The Liberal government has announced its plan to overhaul the method to pick a Supreme Court justice as it moves to abandon the process often criticized as partisan and unaccountable. According to the announcement to be made by Prime Minister Justin Trudeau on Tuesday, former prime minister Kim Campbell will be heading a new seven-member advisory board that will be tasked to recommend candidates to replace Supreme Court Justice Thomas Cromwell, who is due to retire on Sept. 1.

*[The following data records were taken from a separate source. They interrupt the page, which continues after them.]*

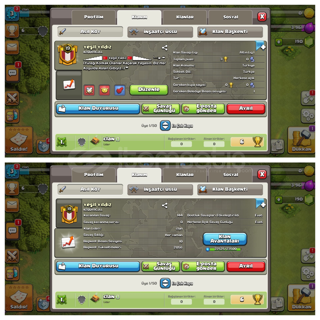 > Harika isimli klan ( Yeşil yıldız)> 20 levele yaklaşık 200 xp var> başkent 10Kimlik onaylı güvenilir satıcıdan.✅fiyat sondur ❗️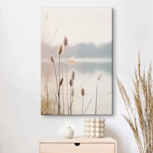 Obraz Měkké rákosí u zamlženého břehu jezera, pastelové béžové tóny Č. s46504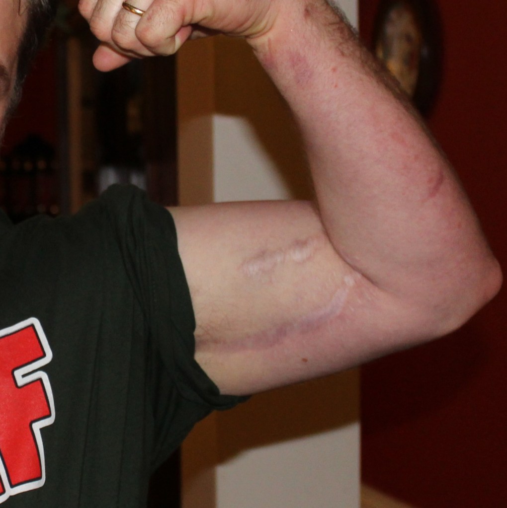 The lower scar, caused by placing an AV Fistula for dialysis access, extends from Mark’s shoulder to just below the inside of his elbow. We were told the incision would be 3″-4″ long and he would return to work in a few days.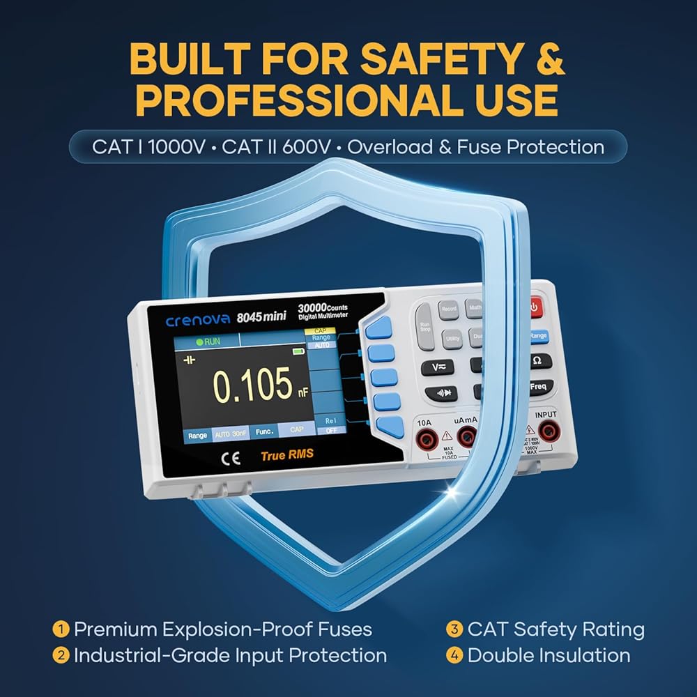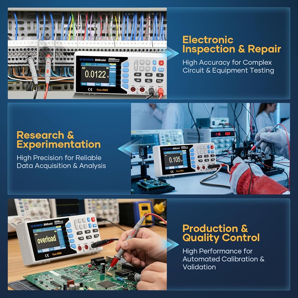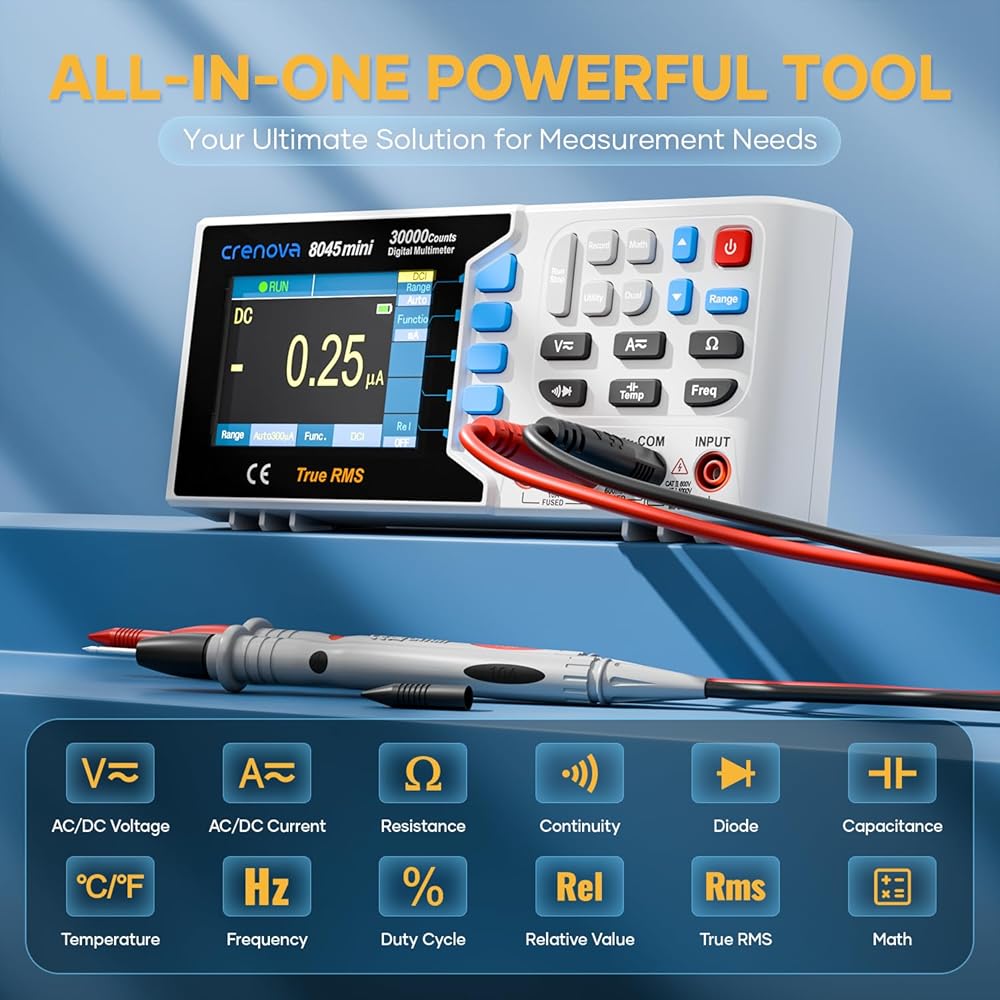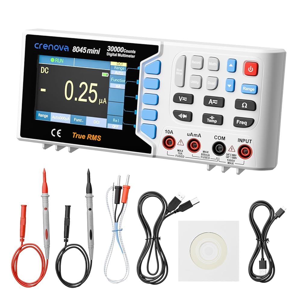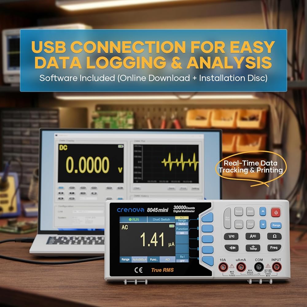 جهاز قياس متعدد رقمي True RMS من Crenova 30000، جهاز قياس متعدد على سطح المكتب للاستخدام في المختبر والصناعي. تسجيل بيانات USB، CAT II 600V. يقيس الجهد والتيار والمقاومة والسعة ودرجة الحرارة.
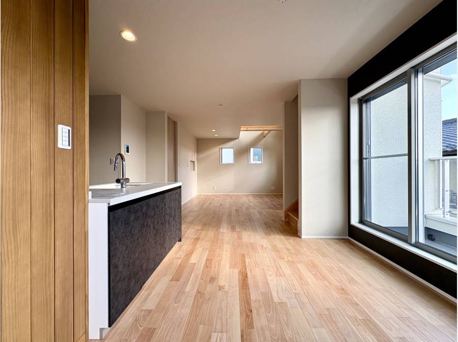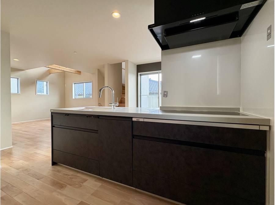 設備面も妥協なく、約9人分を予洗い不要で洗えるフロントオープン食洗機や、3連IHワイドキッチン、アプリ操作可能な電動シャッターなどを完備。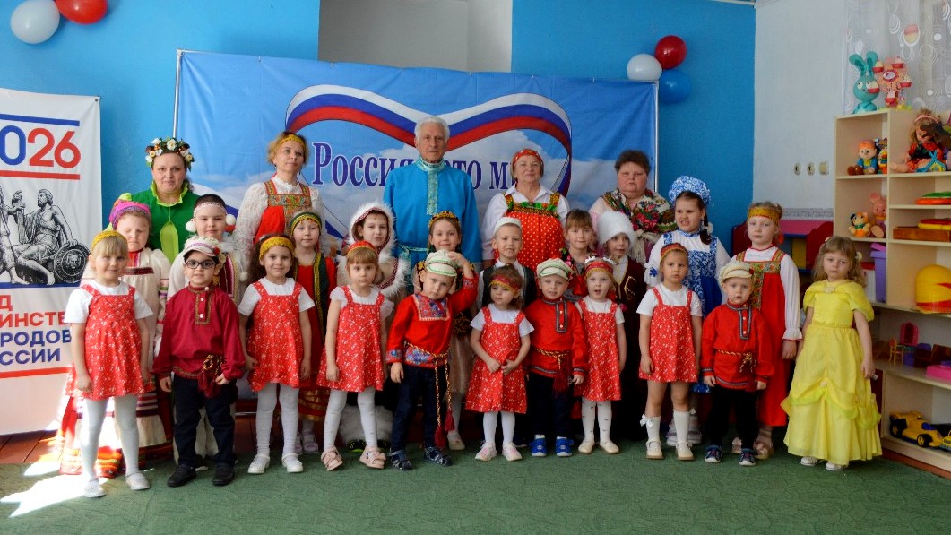 Дети весело пели и с задором танцевали. Даже двухлетние Степан Чигринов и Анна Левочкина из младшей группы участвовали во всех играх. Частушками порадовали юные таланты: Яна Кучаева, Макар Гоганян, Елена Чигринова, Тимофей Нецкин и Злата Самсонова из подготовительной группы. На празднике детям вручили сладкие подарки. Почетный гость встречи ветеран Михаил Слугин рассказал детям о единстве в большой многонациональной России – стране, в которой они живут.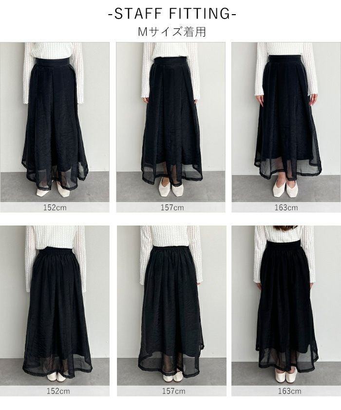 グレージュを購入しました。色味は落ち着いていて、どんなカラーのトップスでもあわせやすそうです。 丈は長いですが、透け感のある素材なので春〜秋まで着れそうです。 背中側のウエスト部分のみがゴムでギャザーがあり、程よくフィットしつつ、お腹側はスッキリしているのも気に入りました。

According to the new process, any qualified Canadian lawyer or judge will be allowed to announce their name for consideration and the government will accept applications for the job in Canada’s highest court until the end of the day on Aug. 24. Thereafter, it will be the task of the board to review all applications and make recommendations based only on the pool of applicants. In an article published in The Globe on Tuesday, Mr. Trudeau wrote that “from now on, an independent and non-partisan advisory board will be given the task of identifying suitable candidates,” adding that “gone are the days of governments – Liberal and Conservative alike – nominating Supreme Court justices through a secretive backroom process. Canadians deserve better.”

According to previous conventions, since Justice Cromwell comes from Nova Scotia his successor should come from Atlantic Canada. However, Ottawa did not limit the search process to Atlantic Canada but in fact the board will accept nominations from across the country.